Skill Development and Training

The Skill Development and Training programmes are provided in the form of short-term training programs and long-term training programs with the aim of providing employment opportunities to the persons belonging to the transgender community by teaching them market-oriented skills. The training is provided free of cost and a stipend of Rs. 1000 per month per trainee is also given in case of non-residential training. 

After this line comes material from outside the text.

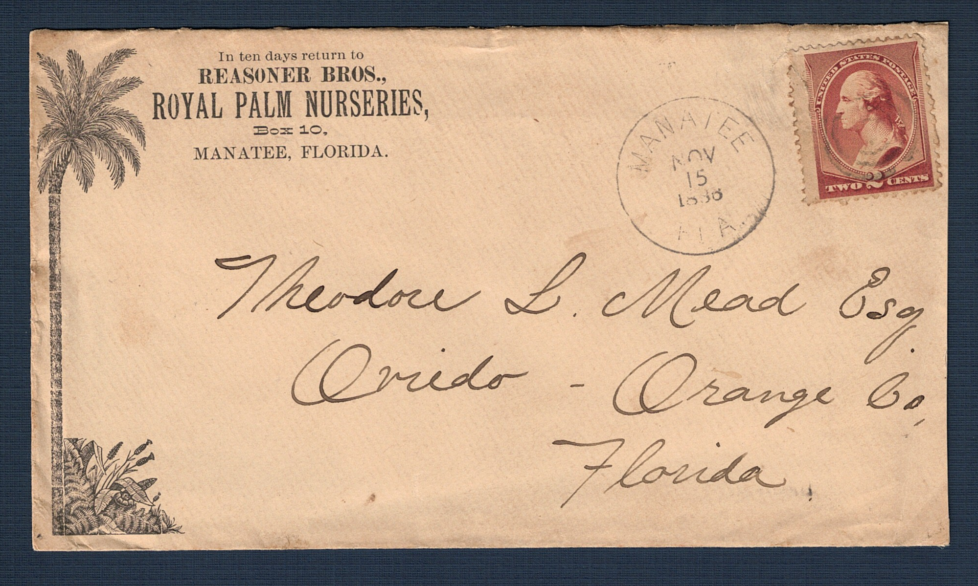 MANATEE FLA, NOV 15, 1886 addressed to Theodore L. Mead Esq, Oviedo - Orange Co, Florida. Early advertising cover from the Reasoner Brothers, Royal Palm Nurseries, Box 10, Manatee, Florida. (Scott 210)

Medical Support and Health Benefits

This scheme aims to provide health insurance coverage to all transgender persons living in India to improve their health condition through proper treatment including sex reassignment surgery as well as medical support. The scheme would cover all transgender persons not receiving such benefits from others centre/state-sponsored schemes.

Eligibility

The transgender persons will be selected as per the following criteria:

  • The beneficiary should be a transgender person as notified by the Government of India holding a Transgender Certificate & Identity Card issued by the National Portal for Transgender Persons. 
  • The beneficiary should not be availing similar benefits from any other scheme of the Centre or state government. 

Conclusion

This article has extensively discussed the various policy measures, schemes and other initiatives undertaken by the Government of India to achieve gender equality in India. These schemes and measures seek to uplift, protect and empower women and persons of the transgender community to enable them to enjoy an equal status in personal and public life and to eliminate all forms of discrimination, prejudice and unfair treatment meted out to them. While there are a plethora of schemes and laws that have been formulated and are being formulated to address the gender inequalities in India, what is required is the continuous monitoring and tracking of the implementation of these measures. In addition to that, the timely revival and updation of these policies to make them more inclusive and responsive to the urgent needs of a particular situation or crisis will go a long way in accelerating the achievement of the goal of gender equality in India.